**WHAT YOU NEED TO DO:**
Please reproduce the data exactly, though every picture must stay out.

*** DATA Section Begins ***

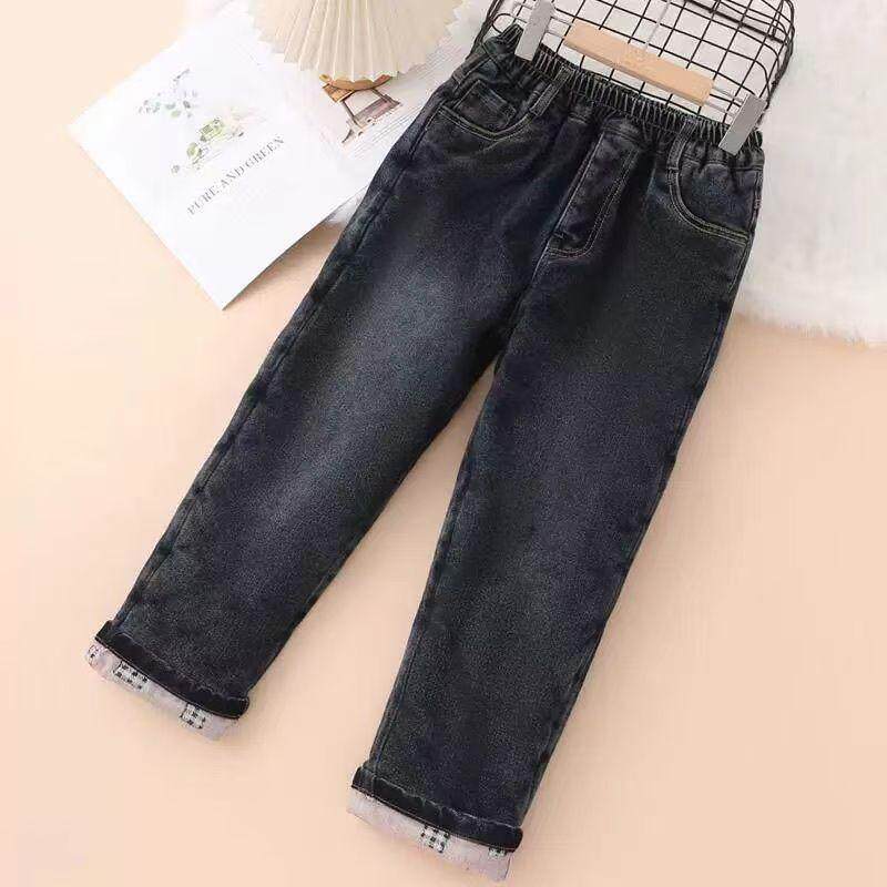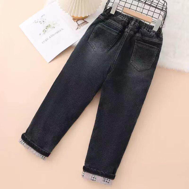 2024新款女童加厚棉裤外穿冬季北方三层加棉裤子中大童宽松牛仔裤
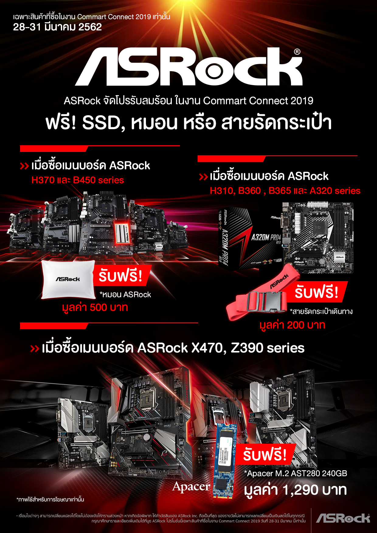พบเมนบอร์ดและกราฟิกการ์ดรุ่นใหม่จาก ASRock ได้ในงาน Commart Work 2019 วันที่ 19-22 ธันวาคม 2562 ที่ ไบเทค บางนา ซื้อเมนบอร์ดคุณภาพและการรับประกันที่มั่นใจได้จาก ASRock
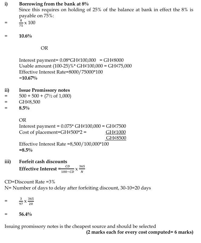 ii) Issue promissory notes at 7.5%. The cost of placing the issue would be GH¢500 each six months.
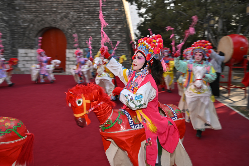 2月4日,跑竹马扮演。 新华社记者 李鑫 摄

*** DATA Section Ends ***

**SOLUTION FOR THIS TASK:**
 2024新款女童加厚棉裤外穿冬季北方三层加棉裤子中大童宽松牛仔裤
พบเมนบอร์ดและกราฟิกการ์ดรุ่นใหม่จาก ASRock ได้ในงาน Commart Work 2019 วันที่ 19-22 ธันวาคม 2562 ที่ ไบเทค บางนา ซื้อเมนบอร์ดคุณภาพและการรับประกันที่มั่นใจได้จาก ASRock
 ii) Issue promissory notes at 7.5%. The cost of placing the issue would be GH¢500 each six months.
 2月4日,跑竹马扮演。 新华社记者 李鑫 摄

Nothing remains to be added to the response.